14.2 European Competency Framework

The European Union’s European e-Competence Framework (e-CF) has 40 competences and is used by a large number of companies, qualification providers and others in public and private sectors across the EU. It uses five levels of competence proficiency (e-1 to e-5). No competence is subject to all five levels.

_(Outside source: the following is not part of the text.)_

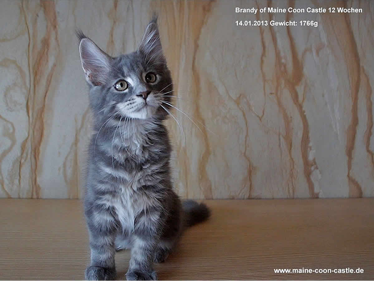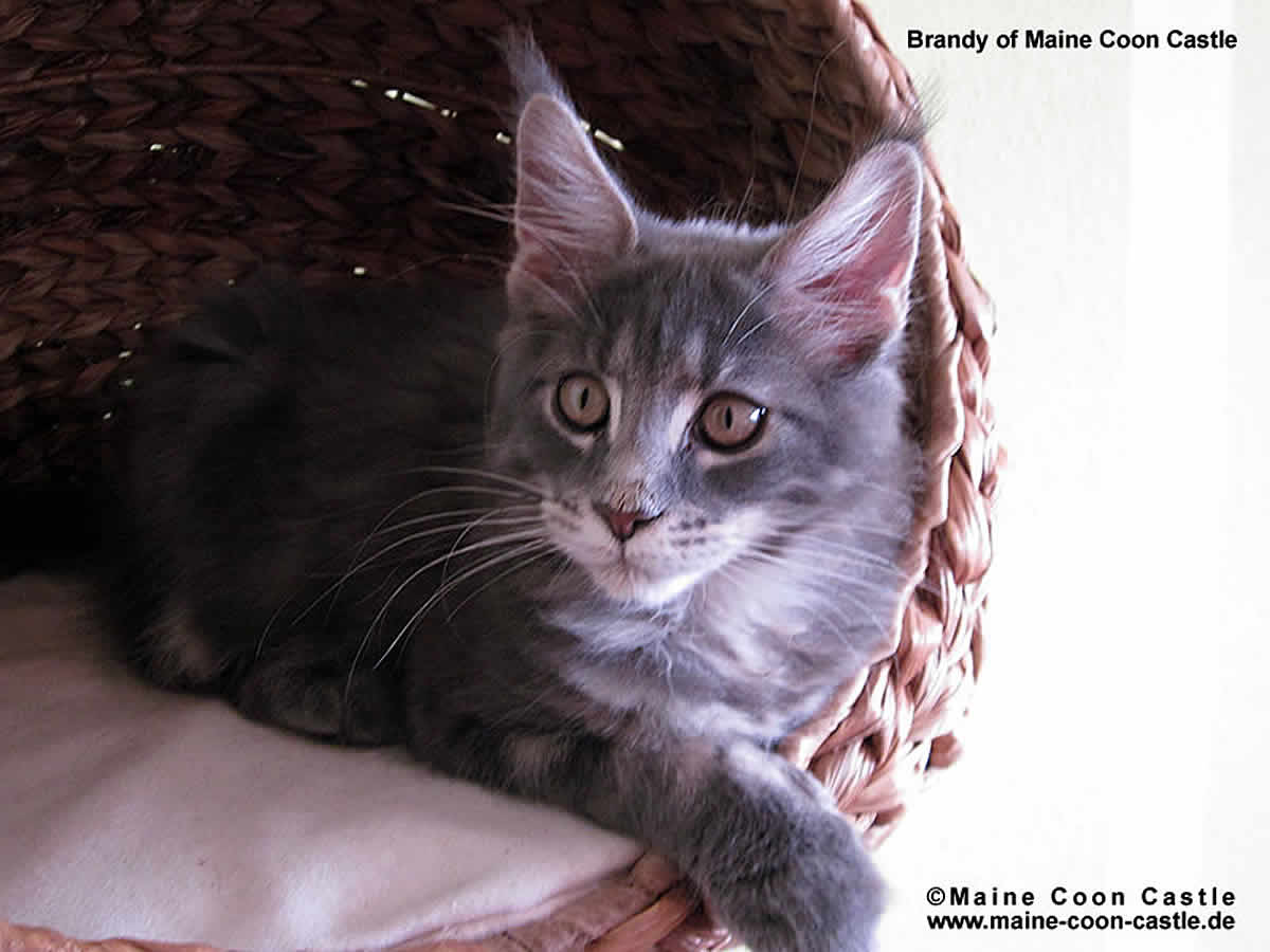 Brandy ist ein Traum auf vier Pfoten! Ein exzellentes Profil mit toller Knubbelschnute und ein Blick zum Dahinschmelzen. Der gestreckte Körper auf hohen, starken Pfoten ist begeisternd. Brandy hat sich zu einer typvollen Maine Coon Dame entwickelt. Sie ist introvertiert wie ihre Mutter, durchsetzungsstark in der Gruppe, sehr anhänglich und verschmust.

The e-CF is published and legally owned by CEN, the European Committee for Standardization, and its National Member Bodies (www.cen.eu). Its creation and maintenance has been co-financed and politically supported by the European Commission, in particular, DG (Directorate General) Enterprise and Industry, with contributions from the EU ICT multi-stakeholder community, to support competitiveness, innovation, and job creation in European industry. The Commission works on a number of initiatives to boost ICT skills in the workforce. Version 1.0 to 3.0 were published as CEN Workshop Agreements (CWA). The e-CF 3.0 CWA 16234-1 was published as an official European Norm (EN), EN 16234-1. For complete information, please see http://www.ecompetences.eu.

e-CF Dimension 2e-CF Dimension 3
A.4. Product / Service Planning (PLAN)
Analyses and defines current and target status. Estimates cost effectiveness, points of risk, opportunities, strengths and weaknesses, with a critical approach. Creates structured plans; establishes time scales and milestones, ensuring optimisation of activities and resources. Manages change requests. Defines delivery quantity and provides an overview of additional documentation requirements.
Specifies correct handling of products, including legal issues, in accordance with current regulations.
Level 2-4
A.5. Architecture Design (PLAN)
Specifies, refines, updates and makes available a formal approach to implement solutions, necessary to develop and operate the IS architecture. Identifies change requirements and the components involved: hardware, software, applications, processes, information and technology platform. Takes into account interoperability, scalability, usability and security. Maintains alignment between business evolution and technology developments.
Level 3-5
A.6. Application Design (PLAN)
Analyses, specifies, updates and makes available a model to implement applications in accordance with IS policy and user / customer needs.
Selects appropriate technical options for application design, optimising the balance between cost and quality. Designs data structures and builds system structure models according to analysis results through modelling languages. Ensures that all aspects take account of interoperability, usability and security. Identifies a common reference framework to validate the models with representative users, based upon development models (e.g. iterative approach).
Level 1-3
D.10. Information and Knowledge Management (ENABLE)
Identifies and manages structured and unstructured information and considers information distribution policies. Creates information structure to enable exploitation and optimisation of information. Understands appropriate tools to be deployed to create, extract, maintain, renew and propagate business knowledge in order to capitalise from the information asset.
Level 3-5
D.11. Needs Identification (ENABLE)
Actively listens to internal / external customers, articulates and clarifies their needs. Manages the relationship with all stakeholders to ensure that the solution is in line with business requirements. Proposes different solutions (e.g. make-or-buy), by performing contextual analysis in support of user centered system design. Advises the customer on appropriate solution choices. Acts as an advocate engaging in the implementation or configuration process of the chosen solution.
Level 3-5

14.3 i Competency Dictionary

The Information Technology Promotion Agency (IPA) of Japan has developed the i Competency Dictionary (iCD), translated it into English, and describes it at https://www.ipa.go.jp/english/humandev/icd.html. It is an extensive skills and tasks database, used in Japan and southeast Asian countries. It establishes a taxonomy of tasks and the skills required to perform the tasks. The IPA is also responsible for the Information Technology Engineers Examination (ITEE), which has grown into one of the largest scale national examinations in Japan, with approximately 600,000 applicants each year.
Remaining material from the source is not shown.